1. Change the way I eat – DUH! I really believe in the balanced meal approach. Its realistic. It’s good for the entire family. We can follow it forever, it’s a lifestyle change not a diet. That said, there are some “diets” out there that promote the balanced eating approach. So I am going to test them out here on my blog. I am going to try several different healthy “life-style changing” approaches to weight loss and document my experiences here so hopefully this can becomes somewhat of a fun experiment to see which of the programs returns the best results. I will start with the South Beach Diet in March and do it for one month. Then I am going to do the Zone Diet in April, Weight Watchers in May and then in June I am going to attempt to just eat like the Food Pyramid says to eat — a balanced meal. I am also going to post regularly about what I eat, including recipes. My hope is to figure out how to cook foods that are healthy and taste good.

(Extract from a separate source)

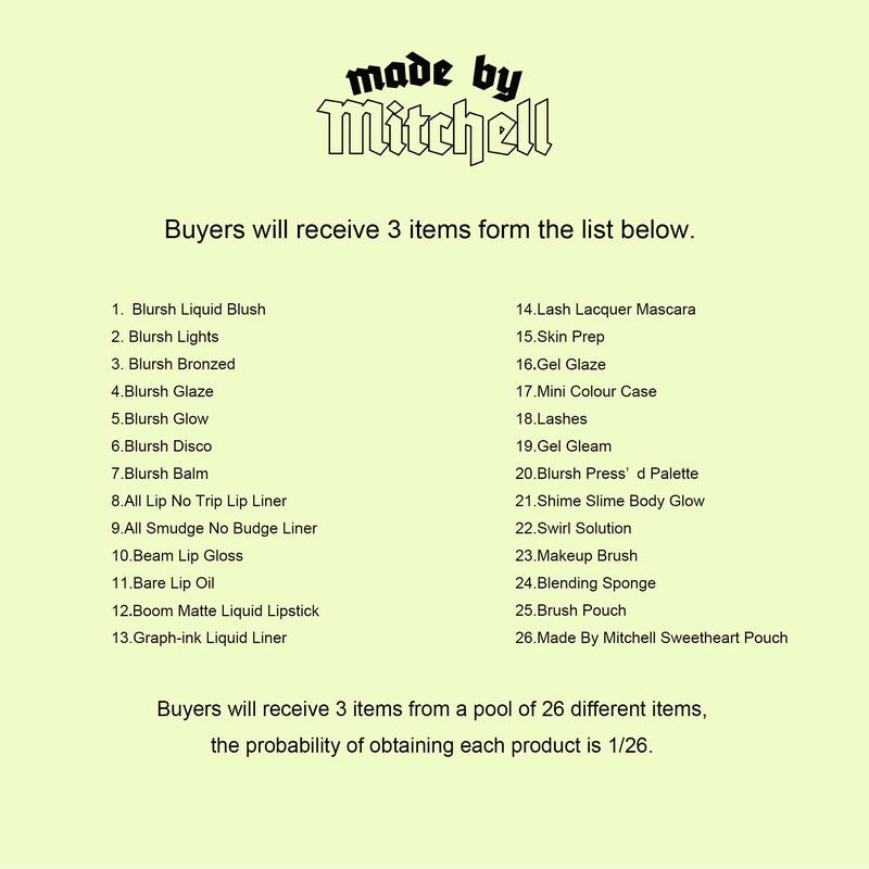 ·Buyers will receive 3 full-size Made By Mitchell products.

2. Exercise – Double Duh! Exercise works, especially cardio combined with weight lifting or resistance training. If anyone reading this wants to donate/loan me a copy of P90X I will do that June-August as part of the experiment here. I wanted to include it to start with but I can’t afford that jank! It aint cheap!! We are members of LA Fitness, its right next to our new home in Leesburg. I had been a member of Gold’s Gym for over 10 years before switching to LA. I have to admit that right now I am not loving the change. I miss Golds, I miss Body Pump and the cardio machines at my old gym were so much better than the ones at my new gym. But you can’t beat the location of the LA Fitness so we are committed for the long run. I am going to start off doing the Body for Life exercise program along with my monthly food programs. I will also document my exercising here on the blog. One of my goals with the exercise piece is documenting my experience fitting exercise in when you have a new baby. Honestly right now it seems impossible but I am bound and determined to figure it out, even if it means doing jumping jacks and squat thrusts in my living room.
3. Be transformed my the renewing of my mind through scripture memory; and this should really have been the first point on the list because this is where the entire journey begins for me. I’ve talked about wanting to memorize scripture in conjunction with my quest for discipline and I am pleased to report that — by Gods grace — I have memorized my first “fighter verse” and am currently on my second. I can already tell a big difference in my thinking and thought processes as a result of spending time over the last week memorizing the first verse. You may find this cheesy but I am sharing it anyway because I think it has biblical undertones: I am a Zeta Tau Alpha and a line in our creed says: “the thought is father to the deed so only that which we would have manifest in our experience should be entertained in thought.” I love that line of our creed because I believe it helps make sense of the idea of being transformed from the inside out through scripture memory. Whatever you are thinking about will become your reality. My therapist called this visualization and always praised me for being good at it from a therapeutic perspective. Beth Moore taught me in Breaking Free to “wallpaper my mind with Scripture.” This kind of inward transformation and renewal of my mind will determine my success. I truly believe that there is no way I will fail at this if I am memorizing scripture and letting God’s spirit do its work IN me.
So there you have it. This is how I will apply discipline to lose 50 lbs and kick-start an inner transformation that will, Lord willing, be a permanent lifestyle change that I can teach my kids and rely on to keep me healthy and happy for the rest of my life.
Wow, this is the longest blog ever. They wont all be this long. I just had to get all my thoughts out there to tee up this new leg of my discipline journey. If you made it this far, you are a real friend, thanks for hanging with me!